▸ **PROBLEM DETAILS**
Return, word for word, every line starting at the line with "使用済オレンジカード JR北海道 雄姿C62シリーズ1、2,4" and ending at the final line of the entries; skip the pictures.

** ENTRIES SUPPLIED follows **

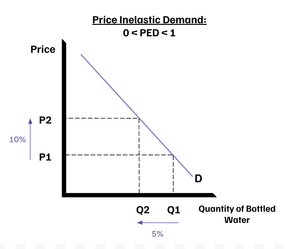 Think bottled water. If the price goes from $1.00 to $1.50, people still buy nearly the same amount because water is a basic necessity. The change in price hardly changes the quantity demanded. Therefore, inelastic demand refers to quantity demanded being relatively unresponsive to price
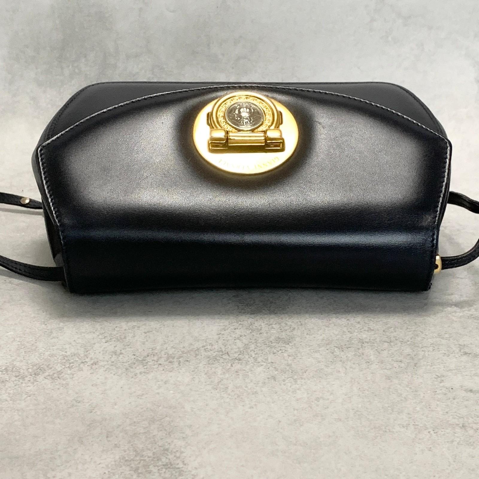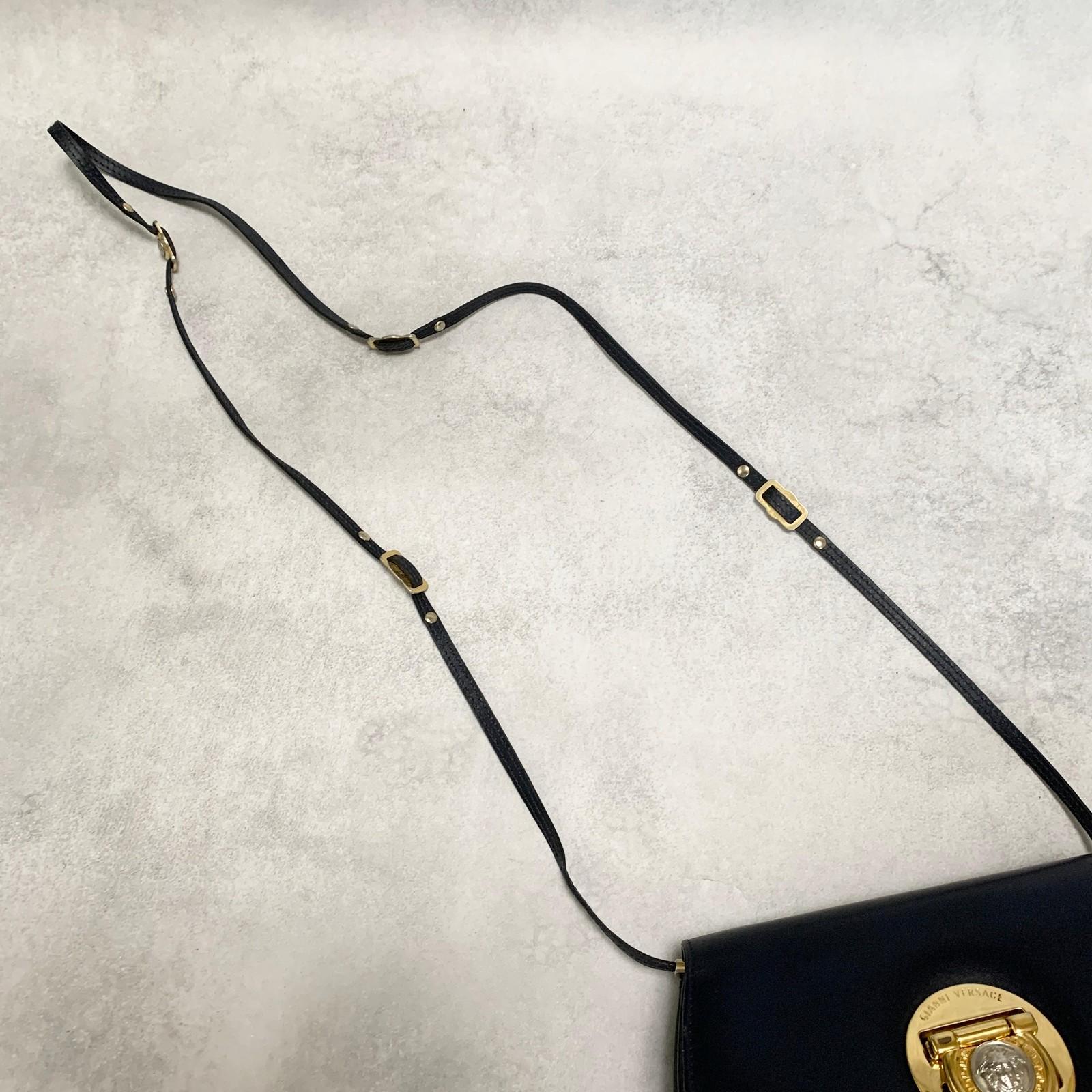 GIANNI VERSACE Shoulder Bag Purse Medusa Leather Dark Navy Women's Auth Used
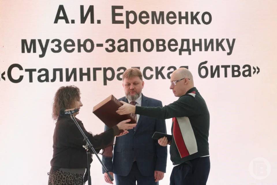 - Сегодня особенный день в нашем городе и регионе, - отметила Лариса Савина. - Сегодня Волгоград стал Сталинградом. Сегодня мы отмечаем 83-ю годовщину начала контрнаступления, с этого момента был взят курс на победу в Сталинграде, что стало переломным моментом в Великой Отечественной войне. Мы всегда будем помнить об этом. Это событие в череде праздничных мероприятий займет особое место. Художественное или документальное слово тех, кто приближал победу, кто не щадя своей жизни, не думая о себе отставал нашу Родину, очень ценно. Даже если оно проходит через года и десятилетия оно очень важно. Это слово мы передадим нашим потомкам. И они пронесут эту память уже своим детям. Губернатор Волгоградской области Андрей Бочаров придает особое значение сохранению исторической памяти, наследию поколения победителей. Символично, что книга передается в музее-заповеднике «Сталинградская битва», где каждый экспонат – это память о битве на Волге. И теперь мы будем иметь возможность прикоснуться к художественному слову маршала Андрея Еременко, который был здесь и вместе со своими бойцами ковал Победу. Эта книга займет достойное место. И мы позаботимся, чтобы слова Андрея Еременко дошли до каждой школы, до каждого патриотического объединения Волгоградской области.
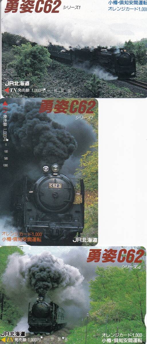 使用済オレンジカード JR北海道 雄姿C62シリーズ1、2,4 1000円券3枚組 説明文参照
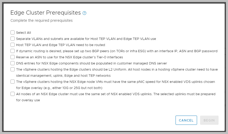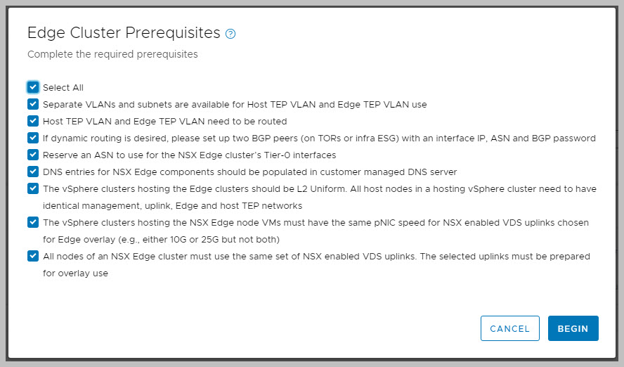 Please reference the VMware prerequisites Before you deploy an NSX Edge cluster:
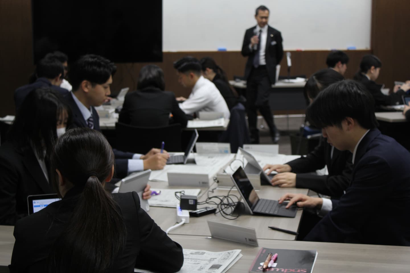 4月の新入行員研修では、社会人としての考え方やビジネスマナー、

** End of ENTRIES SUPPLIED **

▸ **SOLUTION TO THE EXERCISE**
 使用済オレンジカード JR北海道 雄姿C62シリーズ1、2,4 1000円券3枚組 説明文参照
 Please reference the VMware prerequisites Before you deploy an NSX Edge cluster:
 4月の新入行員研修では、社会人としての考え方やビジネスマナー、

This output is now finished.